By default, a single analysis run will be performed. At the end of the analysis, the Num parameter indicates the number of clusters detected, and Score parameter indicates the relative probability of the data resulting from that number of clusters. The higher the score, the “better” the fit between the data and the cluster model.
Note, the numerical values of the score can only be compared within a particular dataset. Different datasets will produce very different scores for equally good fits.
The 3-D scatter graph shows the data points comprising each cluster in a different colour. You can check and adjust which colour represents which cluster class by selecting the class from the Clusters drop-down list. The coloured block below the list indicates the colour of that cluster class. You can change the colour by clicking on the block and selecting a new colour from the dialog.

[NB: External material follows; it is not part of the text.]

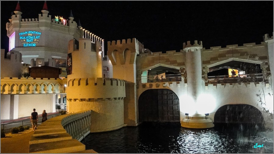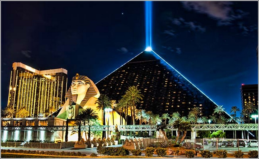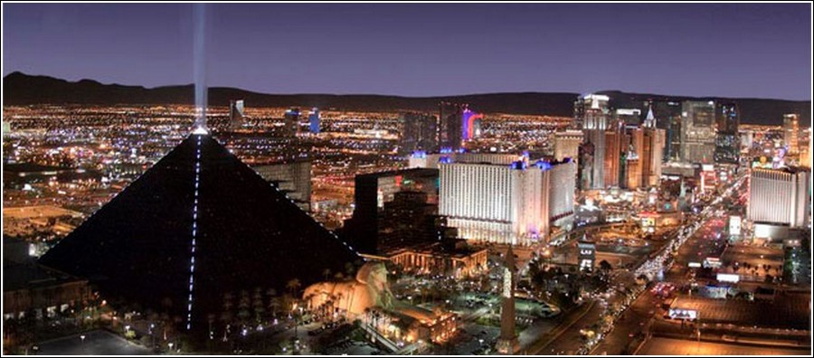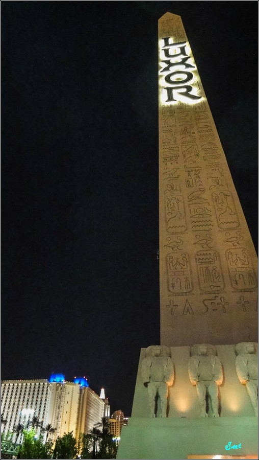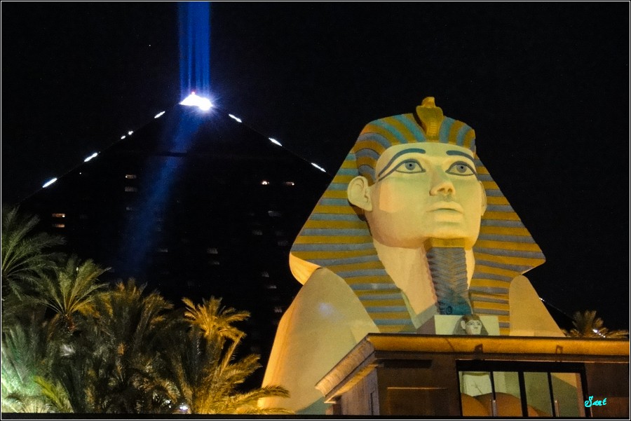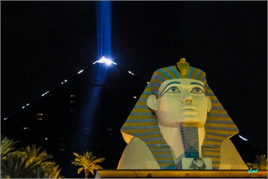 因為光線反差太大,沒有靠單眼相機搖黑卡是拍不到Luxor路克索飯店的金字塔型外觀。 金字塔的上端是百萬瓦燈光直上天際。

More details of the display features are given in Observing 3-D data.
Cluster analysis works by initially assigning data items to random clusters, and then adjusting the clusters to maximise the likelihood of the cluster model given the data. The final cluster model is dependent on the initial random assignment. It is therefore a very good idea to perform multiple analysis runs, and to accept the run that produces the best apparent fit to the data. This will usually, although not always, be the run with the highest score.

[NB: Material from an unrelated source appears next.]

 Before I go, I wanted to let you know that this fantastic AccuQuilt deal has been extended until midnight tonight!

To automatically perform multiple analyses, enter the number of runs that you wish to perform in the editable Runs box. Typically, one should perform 50 or more runs. When you click the CLUSTER button, that number of runs will be carried out. The box just below the edit box shows the cumulative total of runs as it builds up to the number that you entered into the box. The box to the right shows the total number of runs performed on that dataset; i.e. unlike the other total it does not reset to zero if you press the CLUSTER button again. To reset this cumulative count, you must reload the data.

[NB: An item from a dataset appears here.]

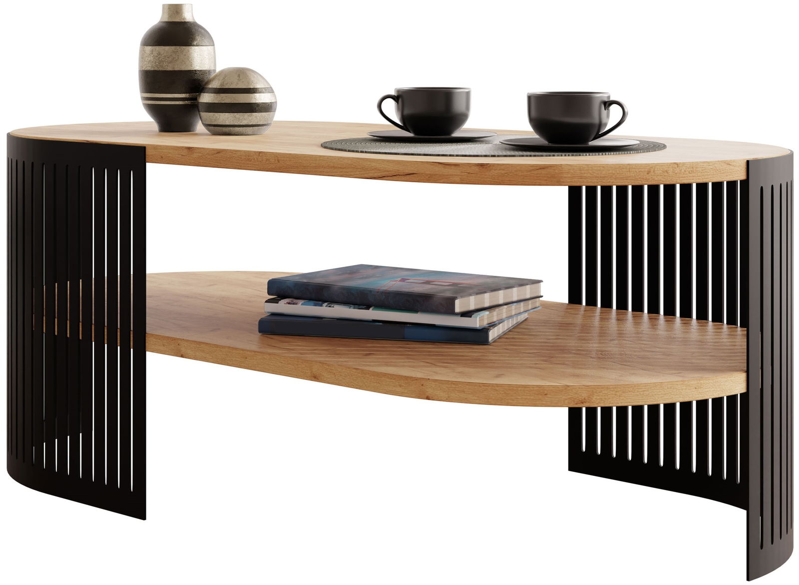Το κομψό τραπεζάκι σαλονιού Fikoli II είναι ένα statement κομμάτι για κάθε μοντέρνο σαλόνι. Το μοναδικό οβάλ σχήμα και οι κάθετες μαύρες πινελιές δημιουργούν μια οπτικά ελκυστική και εντυπωσιακή εμφάνιση.

KlustaWin will store the results of the most recent analysis, plus the results for the best score for each number of clusters detected. There is a text label Show with a button Best to the right of it, and a drop-down list to the right of that. The top item in the list is labelled recent, and other items in the list show the number of clusters detected, followed by the best score for that number of clusters. If you select an item from this list, this cluster set will display. Clicking the Best button will automatically display the cluster set with the highest score.
You can save the cluster analysis currently displayed by clicking the Save button. If the most recent analysis is displayed, the output is saved to a file named name_op1.ext, name_op2.ext etc., where the number 1, 2 etc is incremented with each save. If a specific cluster set selected from the drop-down list is displayed, then the file is named name_Best_n_classes.txt, where n is the number of classes detected in that analysis.
If you re-start an analysis session, either by reloading the data file, or by restarting the program, both the best score and the output file numbering is reset. This means that you should rename any output files that you wish to keep before restarting an analysis on the same source file.
Output results can be read back into the program, so that a particular cluster analysis can be displayed. See Loading partition files for details.
The output file has the following format
Klustawin output
Number of classes found = 5
Score = 3254
3
4
3
.
.
.
The three lines at the start identify the file type, state the number of clusters found and the score of that analysis run.
The numbers that follow these lines show to which class the data item on the equivalent row in the source file has been assigned. There should obviously be as many numbers as there are data items.
If you click the Copy button in the analysis box in Klustawin, then a column of numbers is placed on the clipboard in text format to show to which class the data item on the equivalent row in the source file has been assigned. There will be as many numbers as there are data items. The cluster set is that currently displayed.
Click the Stats button to see a summary analysis of the clusters. The columns show the cluster number, the count of data items within that cluster, and the mean and standard deviation of the data within the cluster in each dimension.